We are the top elite level with Holland America with hundreds of HAL cruise days, so we can usually get the best deals far ahead by booking directly with them.  Non-elite cruisers can't do that, but the cruise lines offer some pretty sweet deals for direct bookings, especially as the cruise date gets closer.  

My advice would be to check out the cruise lines and get a price on the cruises you are considering and then see if you can beat it with a third party.  You might be surprised to find out how good the direct booking deal is.  

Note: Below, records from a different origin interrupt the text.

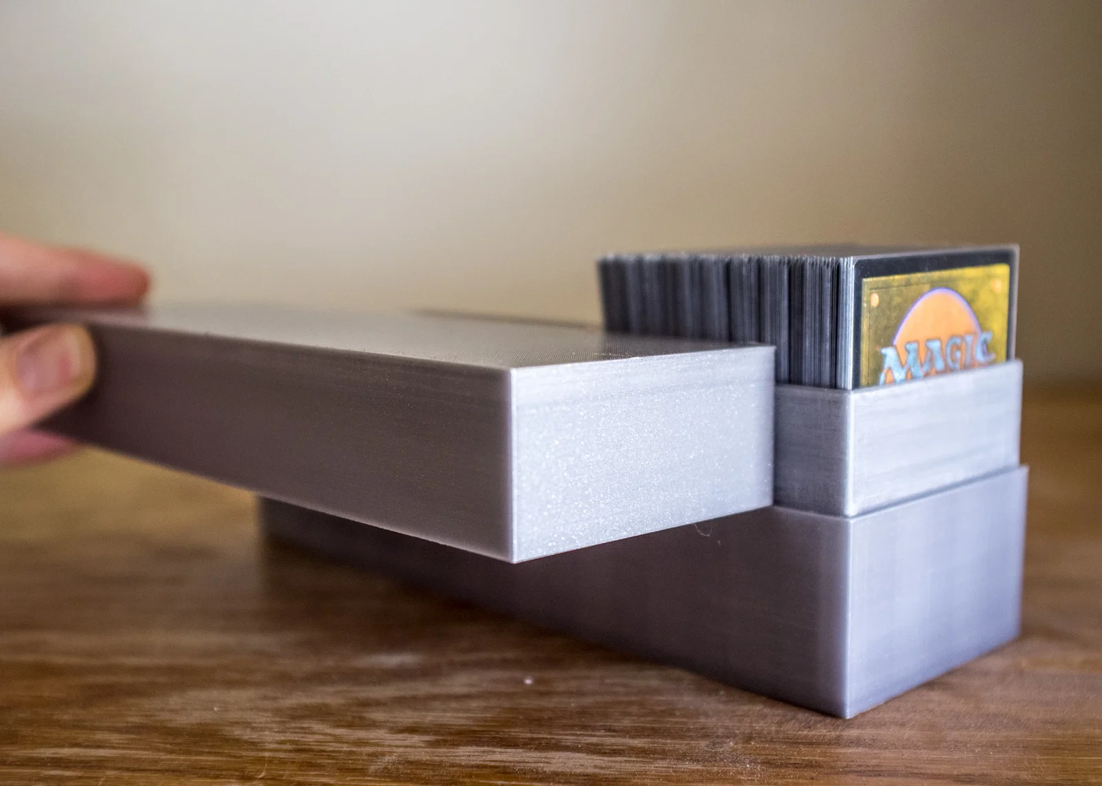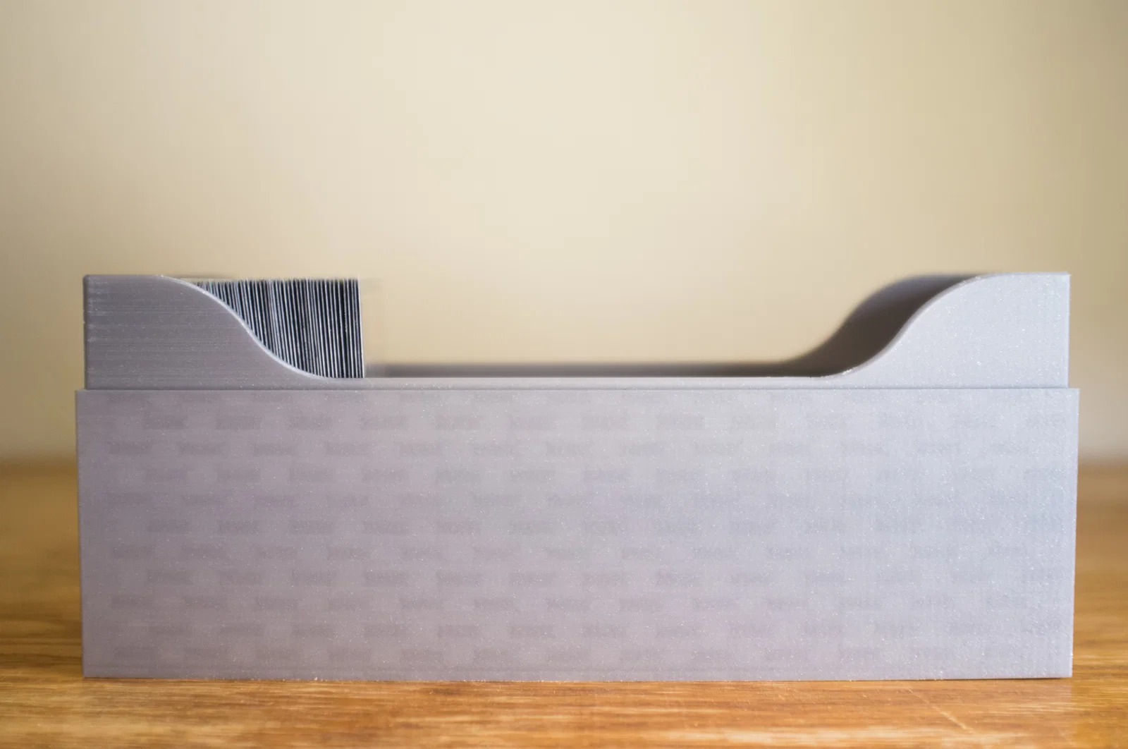 Phần tiếp giáp giữa nửa trên và nửa dưới của hộp cần được hoàn thiện/chà nhám sau khi in, vì khi lắp lại rồi thì hộp sẽ rất khó mở do khoảng hở lắp ráp rất nhỏ. Ngoài ra, do các layer lines của hai nửa cùng hướng với nhau, một hộp đựng bài không được chà nhám sau khi in gần như sẽ không thể mở ra.
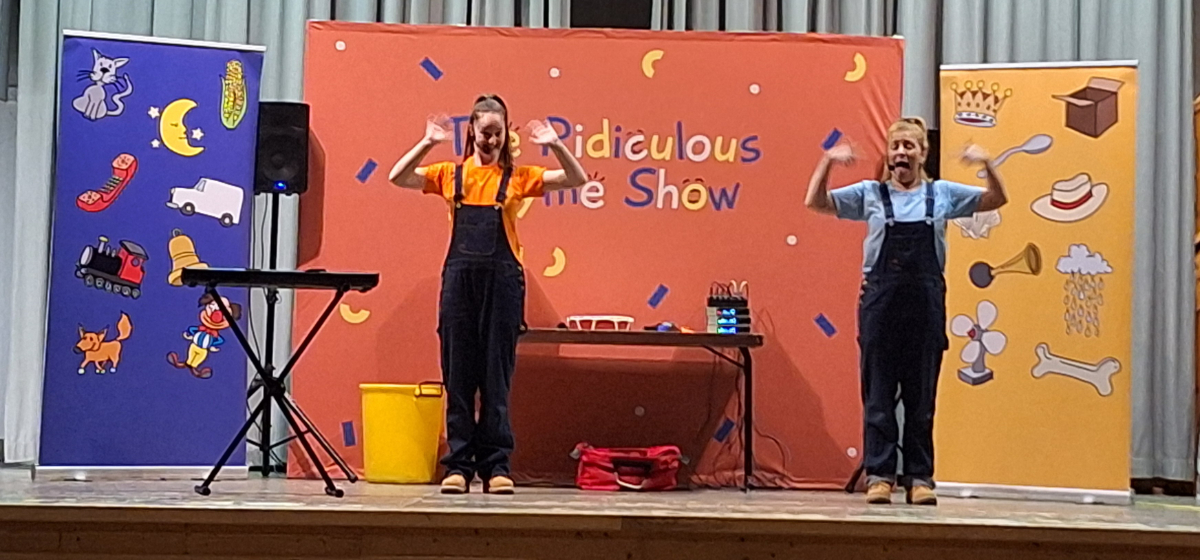 Englisch-Show – Ein besonderer Tag für unsere Grundschule Heute am 9. Dezember 2025 war ein ganz besonderer Tag für unsere Schülerinnen und Schüler: „The Ridiculous Rhyme Show“ gastierte an unserer Schule und bereitete den Kindern eine aufregende Unterrichtsstunde. Schon im Vorfeld waren alle vier Klassen voller Vorfreude und auch ein bisschen aufgeregt – schließlich würden die beiden Darsteller während der gesamten Aufführung fast nur Englisch sprechen! In den letzten Tagen hatten die Kinder fleißig wichtige Vokabeln zum Stück geübt, sodass jeder zumindest ein bisschen vorbereitet war. Doch schnell wurde klar: Man kann auch ganz ohne große Sprachkenntnisse verstehen, worum es geht. Durch die lebendige Handlung, Gestik und Mimik der Darsteller fühlten sich alle Kinder abgeholt – eine echte Erleichterung! Schon nach wenigen Minuten tauten die ersten auf, alle lachten über die lustigen Szenen und ließen sich immer mehr mitreißen von der bunten Vorstellung. Im Laufe des Stücks zeigte sich, dass die Kinder tatsächlich einiges verstanden hatten. Viele trauten sich, spontan mitzumachen oder auf die Fragen der Schauspieler zu antworten – natürlich auf Englisch! Sie suchten Reimwörter, hörten aufmerksam den Liedern zu, halfen ganz eifrig dabei einen Kuchen “zu backen”, und tanzten am Ende sogar alle gemeinsam. Die Freude und Begeisterung waren dabei spürbar. Die Veranstaltungen hat gezeigt, wie motivierend Sprache sein kann, wenn sie lebendig vermittelt wird – und mit wie viel Spaß das Lernen verbunden sein kann. Wir bedanken uns herzlich bei den beiden Darstellern für diese besondere Lerneinheit.
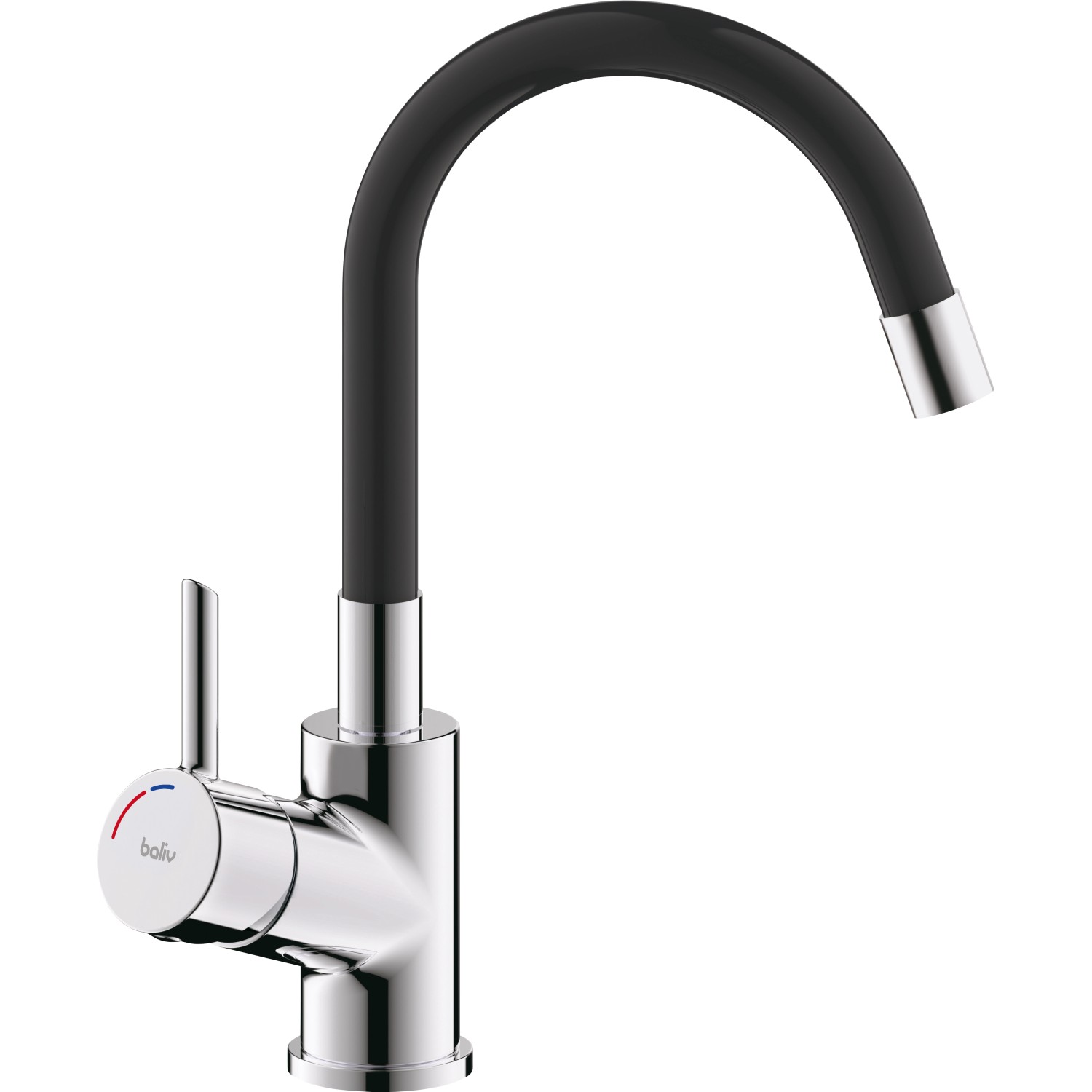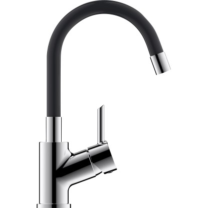 Egykaros, flexibilis szilikon kifolyóval, krómozott fekete.

Another little known fact is that some cruise lines (including Holland America) will lower your price after booking if the "going rate" drops, but you have to monitor the prices and ask for the lower price, and it has to be before the full refund deadline (usually 75 days before the cruise).


----------



## beejaybeeohio (Aug 29, 2013)

BocaBoy said:


> Another little known fact is that some cruise lines (including Holland America) will lower your price after booking if the "going rate" drops, but you have to monitor the prices and ask for the lower price, and it has to be before the full refund deadline (usually 75 days before the cruise).



Celebrity also does this, but you must monitor prices yourself, which I do by subscribing to cruisefish dot net price alerts for the cruises I'm booked on or considering.  It's about a buck per cruise to do this.  Also seascanner dot com shows cabin availability but their pricing is in euros and is high.

We book thru Costco and receive generous onboard credit from them; however, they charge $25 for price reductions that you find and call them to obtain.  

Cruiselines periodically offer promotions, such as prepaid gratuities, their own onboard credit, beverage perks, etc.  If these become available after you book but before final payment, do the math and see if the promotion is worth seeking.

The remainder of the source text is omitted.